*** Opening of ENTRIES SUPPLIED ***

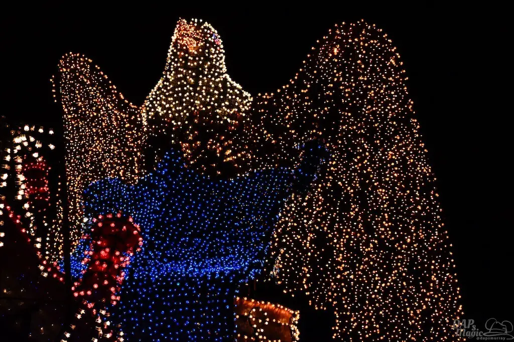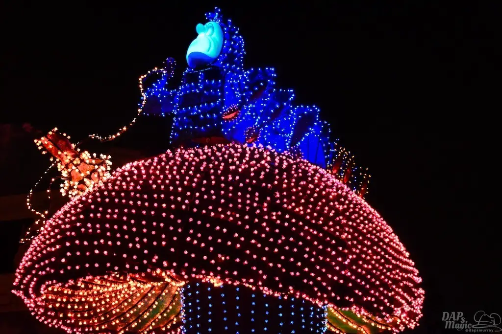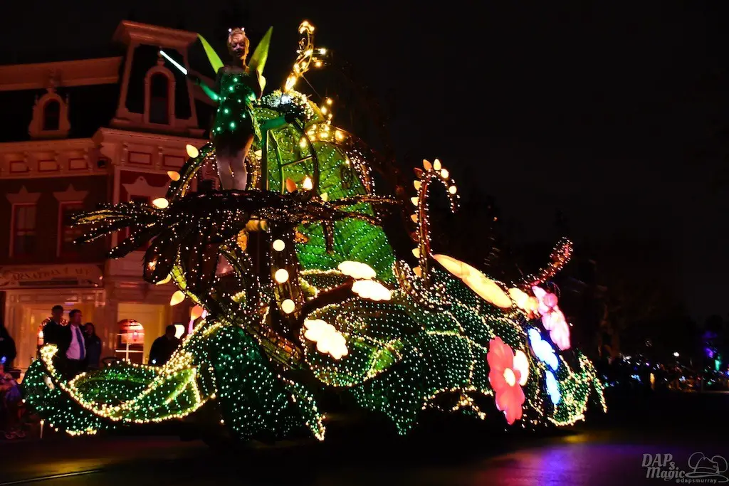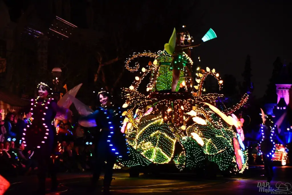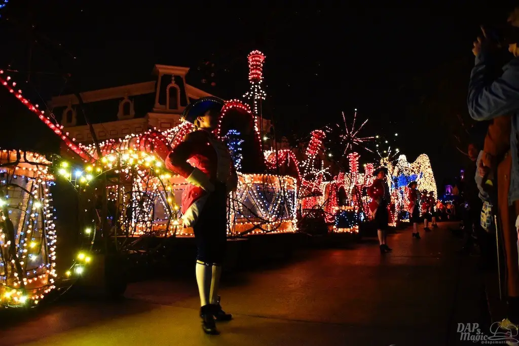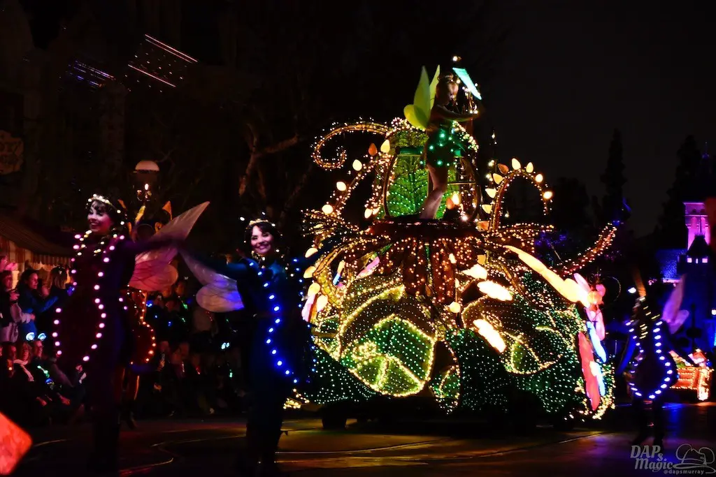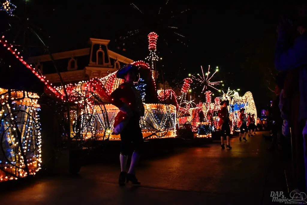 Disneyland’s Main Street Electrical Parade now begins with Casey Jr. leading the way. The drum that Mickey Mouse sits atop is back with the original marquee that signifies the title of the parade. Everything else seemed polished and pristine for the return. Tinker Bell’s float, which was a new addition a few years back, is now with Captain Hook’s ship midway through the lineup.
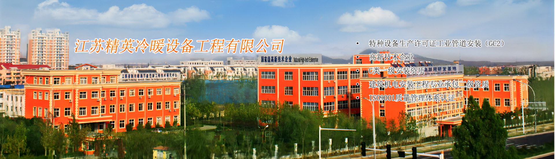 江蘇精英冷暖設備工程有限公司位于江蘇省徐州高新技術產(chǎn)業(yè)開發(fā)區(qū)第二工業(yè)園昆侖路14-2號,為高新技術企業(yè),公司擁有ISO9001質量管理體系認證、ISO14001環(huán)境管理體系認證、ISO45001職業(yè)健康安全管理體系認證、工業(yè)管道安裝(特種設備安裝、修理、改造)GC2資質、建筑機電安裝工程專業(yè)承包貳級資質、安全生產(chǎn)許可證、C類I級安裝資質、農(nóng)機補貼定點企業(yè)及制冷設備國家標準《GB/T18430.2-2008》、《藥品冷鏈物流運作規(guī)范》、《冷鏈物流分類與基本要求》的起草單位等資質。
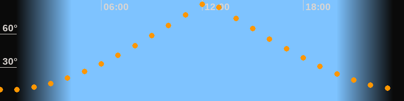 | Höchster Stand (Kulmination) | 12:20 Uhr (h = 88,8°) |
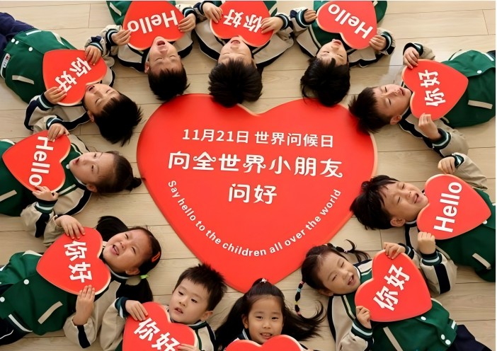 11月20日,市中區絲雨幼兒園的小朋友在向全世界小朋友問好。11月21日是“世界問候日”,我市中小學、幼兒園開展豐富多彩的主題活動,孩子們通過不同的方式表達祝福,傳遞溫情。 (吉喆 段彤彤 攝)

*** Close of ENTRIES SUPPLIED ***
*** Opening of ENTRIES SUPPLIED ***

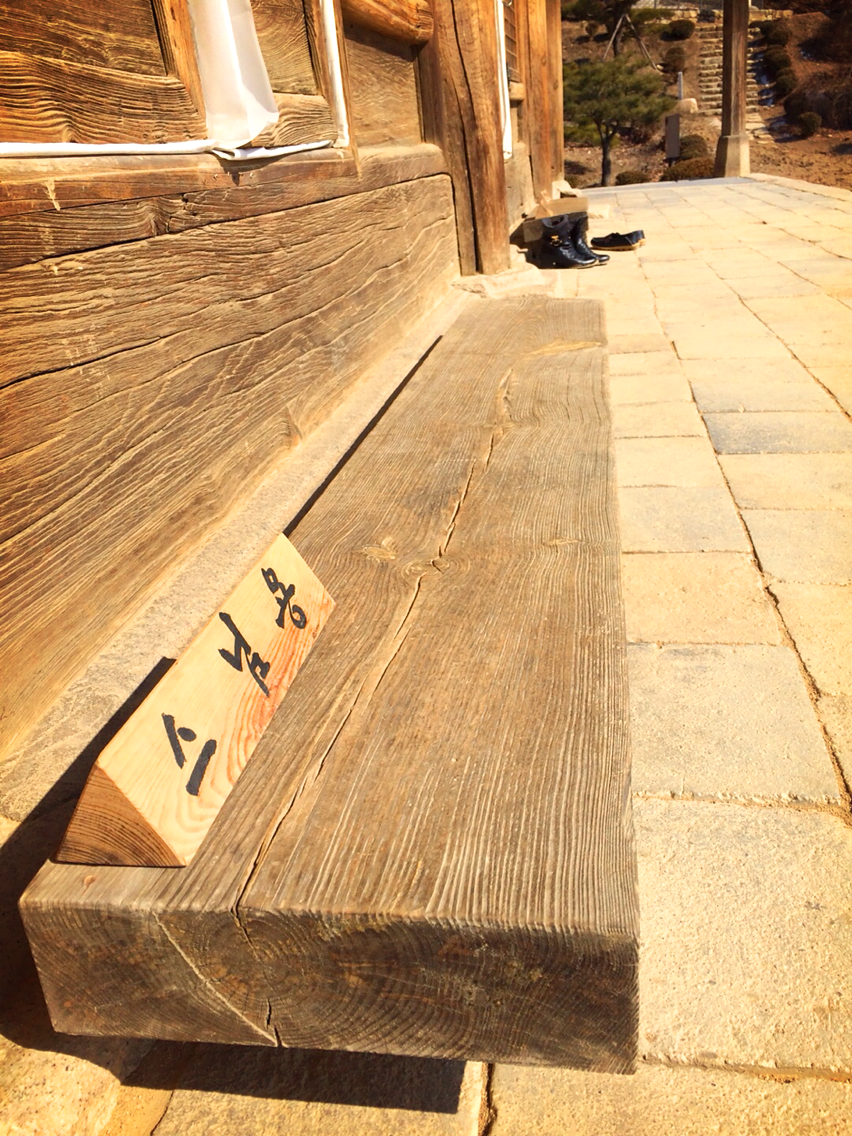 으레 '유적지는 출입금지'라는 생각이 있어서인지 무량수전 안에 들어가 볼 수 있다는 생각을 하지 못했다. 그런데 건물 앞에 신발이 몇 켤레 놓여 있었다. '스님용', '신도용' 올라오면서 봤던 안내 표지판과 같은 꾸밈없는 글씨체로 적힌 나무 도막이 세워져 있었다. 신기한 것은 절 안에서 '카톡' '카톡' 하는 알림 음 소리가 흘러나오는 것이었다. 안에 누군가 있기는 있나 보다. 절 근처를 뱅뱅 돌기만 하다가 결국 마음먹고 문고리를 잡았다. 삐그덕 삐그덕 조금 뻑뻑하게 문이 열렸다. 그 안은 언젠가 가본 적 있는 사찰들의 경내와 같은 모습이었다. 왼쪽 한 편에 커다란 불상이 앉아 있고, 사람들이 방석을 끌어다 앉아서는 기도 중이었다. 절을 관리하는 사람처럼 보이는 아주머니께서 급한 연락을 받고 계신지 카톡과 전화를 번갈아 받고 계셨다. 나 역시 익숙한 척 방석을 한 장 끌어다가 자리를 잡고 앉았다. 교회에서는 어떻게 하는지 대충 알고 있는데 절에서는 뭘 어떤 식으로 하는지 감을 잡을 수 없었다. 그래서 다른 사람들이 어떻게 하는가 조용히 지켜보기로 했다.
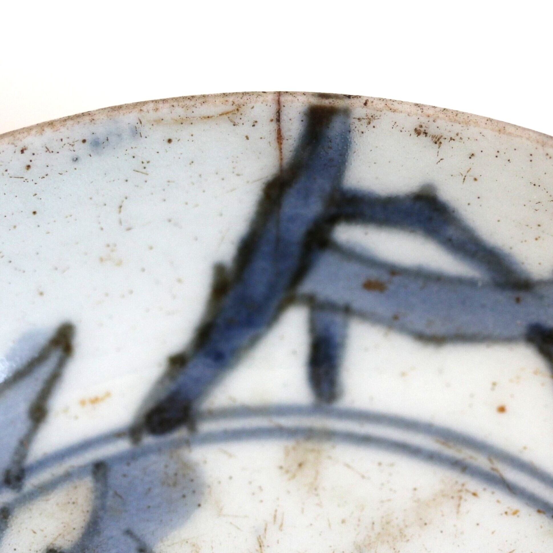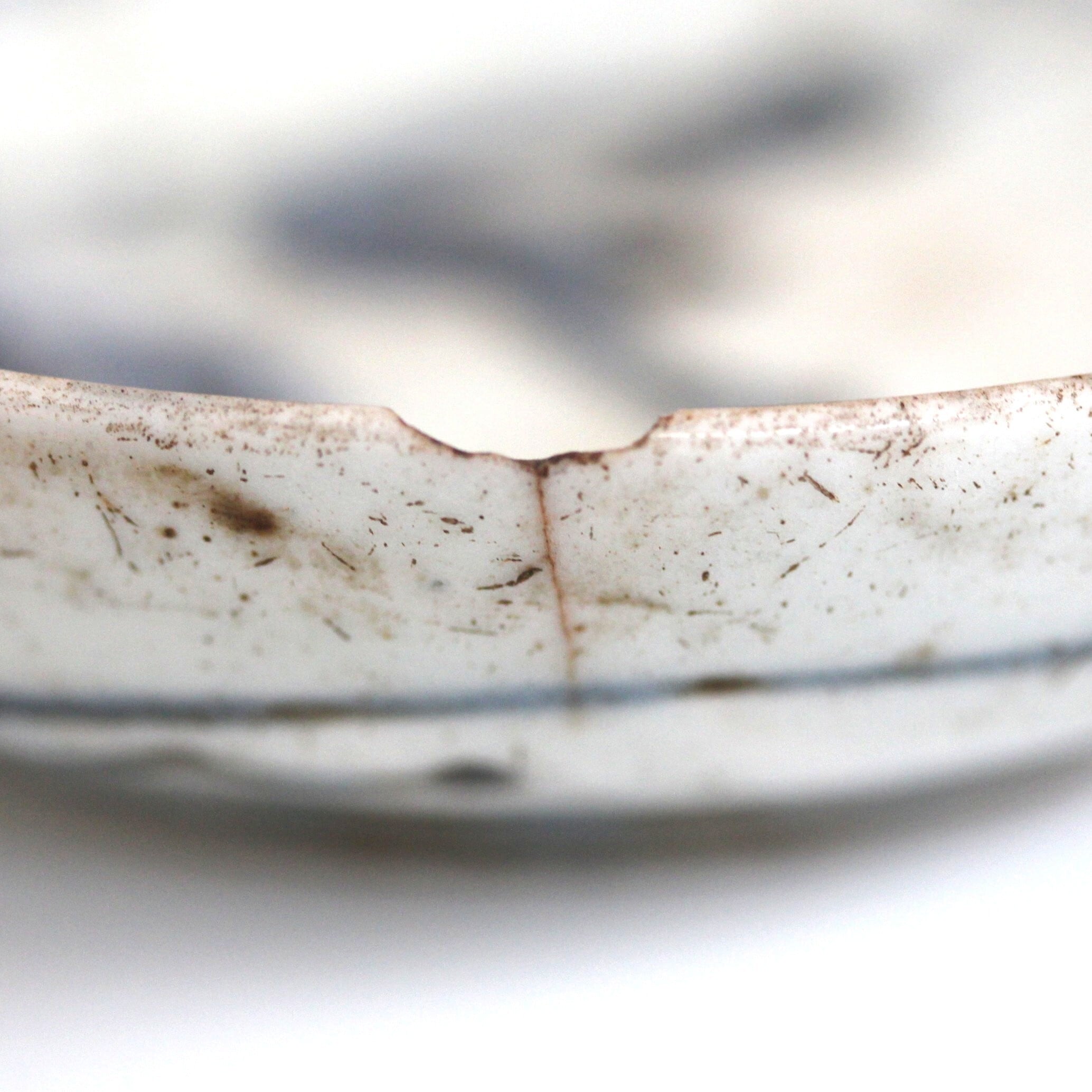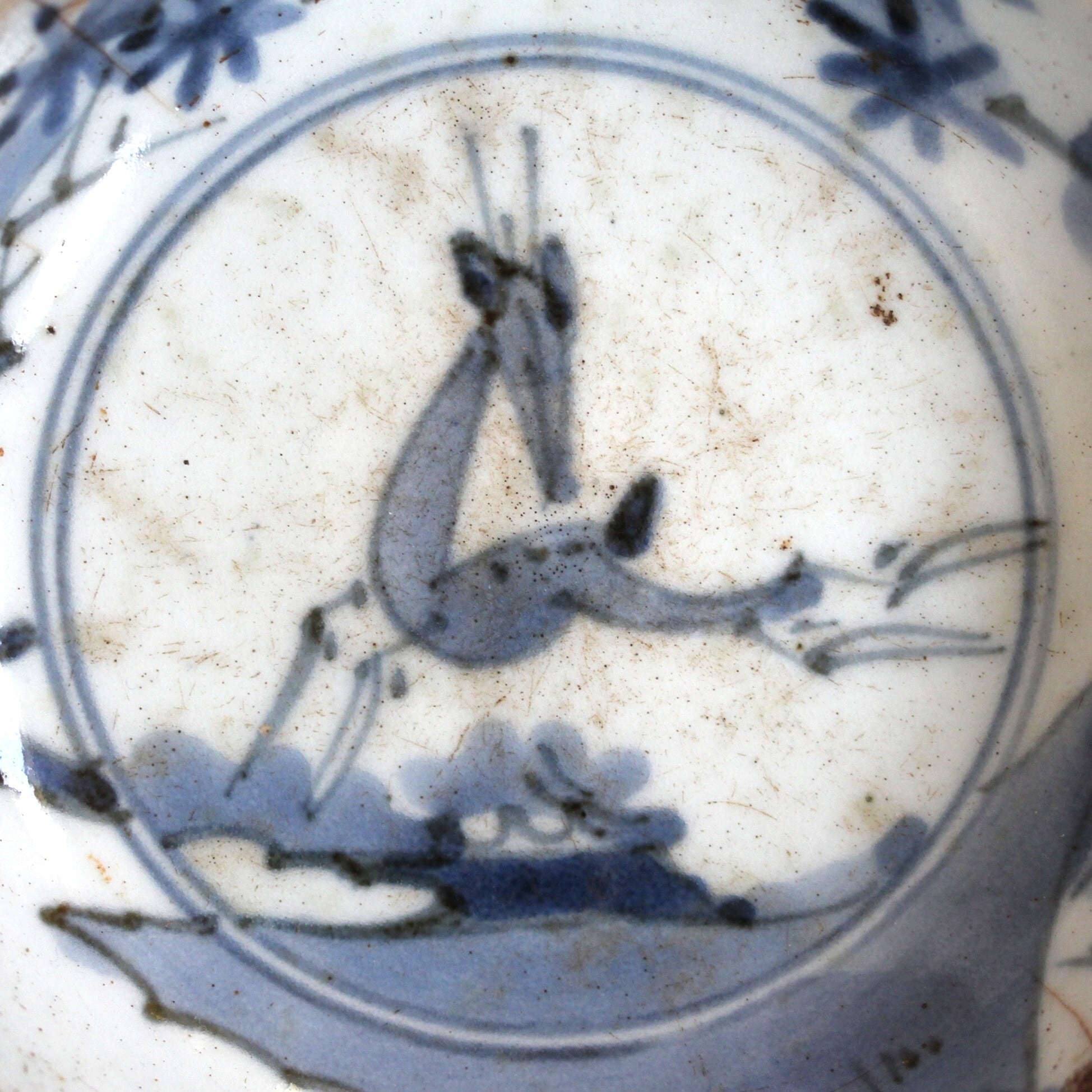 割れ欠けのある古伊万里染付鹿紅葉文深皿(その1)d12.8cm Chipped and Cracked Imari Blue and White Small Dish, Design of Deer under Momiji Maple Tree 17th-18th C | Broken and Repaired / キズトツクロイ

*** Close of ENTRIES SUPPLIED ***
*** Opening of ENTRIES SUPPLIED ***

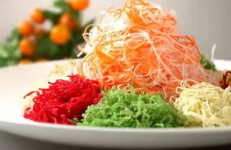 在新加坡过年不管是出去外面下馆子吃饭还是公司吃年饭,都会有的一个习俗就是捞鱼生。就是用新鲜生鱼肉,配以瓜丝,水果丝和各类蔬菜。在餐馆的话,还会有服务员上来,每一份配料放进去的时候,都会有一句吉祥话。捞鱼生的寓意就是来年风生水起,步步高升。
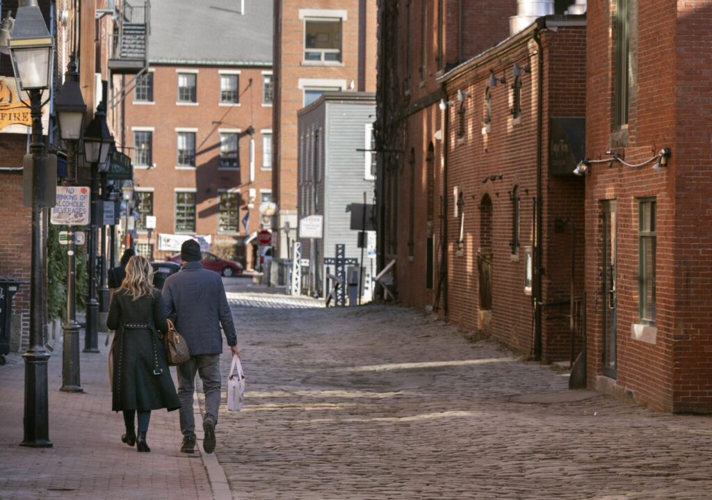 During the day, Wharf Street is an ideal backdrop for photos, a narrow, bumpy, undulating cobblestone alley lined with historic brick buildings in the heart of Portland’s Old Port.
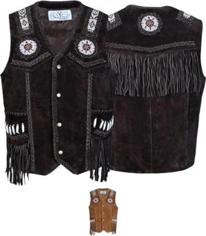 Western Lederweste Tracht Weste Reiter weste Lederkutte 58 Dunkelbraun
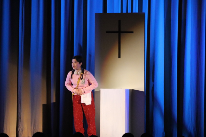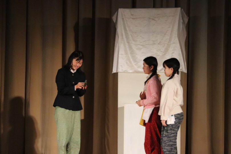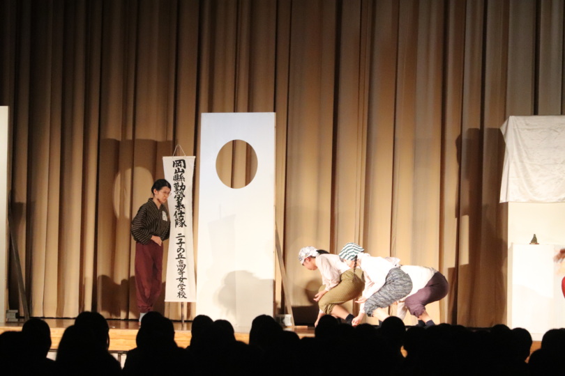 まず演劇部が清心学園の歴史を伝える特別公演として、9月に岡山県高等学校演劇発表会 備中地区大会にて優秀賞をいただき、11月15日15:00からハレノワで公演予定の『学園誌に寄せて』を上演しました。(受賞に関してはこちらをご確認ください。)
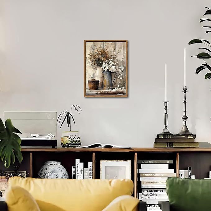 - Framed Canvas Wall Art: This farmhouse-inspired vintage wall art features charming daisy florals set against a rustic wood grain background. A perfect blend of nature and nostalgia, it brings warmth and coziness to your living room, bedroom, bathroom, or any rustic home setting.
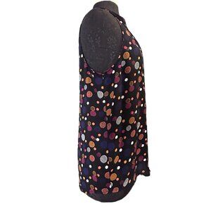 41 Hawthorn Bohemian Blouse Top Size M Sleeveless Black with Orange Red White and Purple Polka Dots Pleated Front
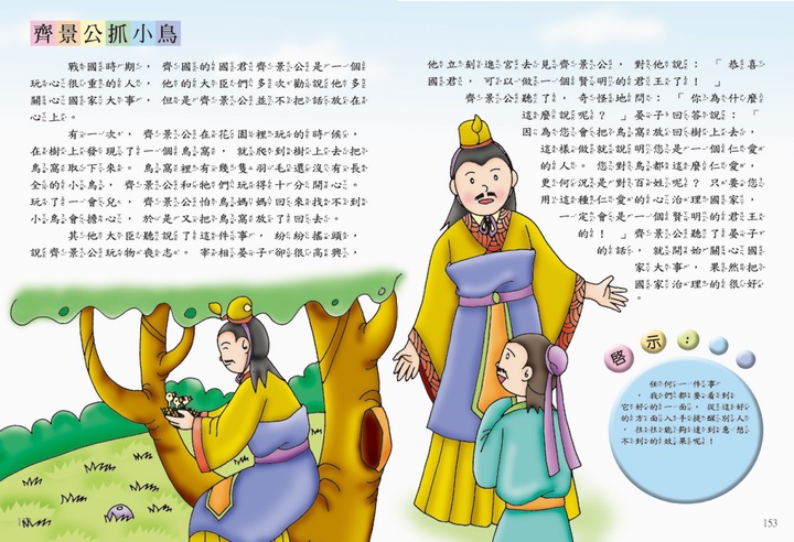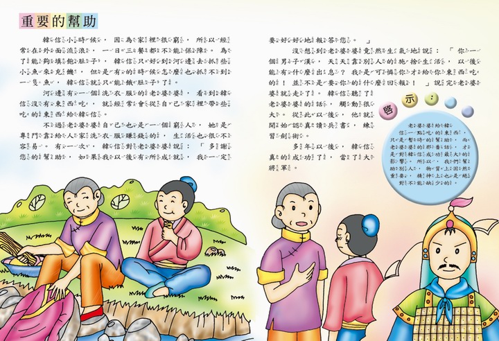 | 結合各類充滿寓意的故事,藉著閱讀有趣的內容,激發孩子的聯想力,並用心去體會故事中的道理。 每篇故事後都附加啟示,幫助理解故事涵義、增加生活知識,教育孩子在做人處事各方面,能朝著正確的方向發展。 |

*** Close of ENTRIES SUPPLIED ***

[EXERCISE] Work from the entries above. Set down exactly and only the lines from the line with "在新加坡过年不管是出去外面下" to the line with "まず演劇部が清心学園の歴史を", both included, and leave the pictures out.

[EXERCISE SOLUTION]
 在新加坡过年不管是出去外面下馆子吃饭还是公司吃年饭,都会有的一个习俗就是捞鱼生。就是用新鲜生鱼肉,配以瓜丝,水果丝和各类蔬菜。在餐馆的话,还会有服务员上来,每一份配料放进去的时候,都会有一句吉祥话。捞鱼生的寓意就是来年风生水起,步步高升。
 During the day, Wharf Street is an ideal backdrop for photos, a narrow, bumpy, undulating cobblestone alley lined with historic brick buildings in the heart of Portland’s Old Port.
 Western Lederweste Tracht Weste Reiter weste Lederkutte 58 Dunkelbraun
 まず演劇部が清心学園の歴史を伝える特別公演として、9月に岡山県高等学校演劇発表会 備中地区大会にて優秀賞をいただき、11月15日15:00からハレノワで公演予定の『学園誌に寄せて』を上演しました。(受賞に関してはこちらをご確認ください。)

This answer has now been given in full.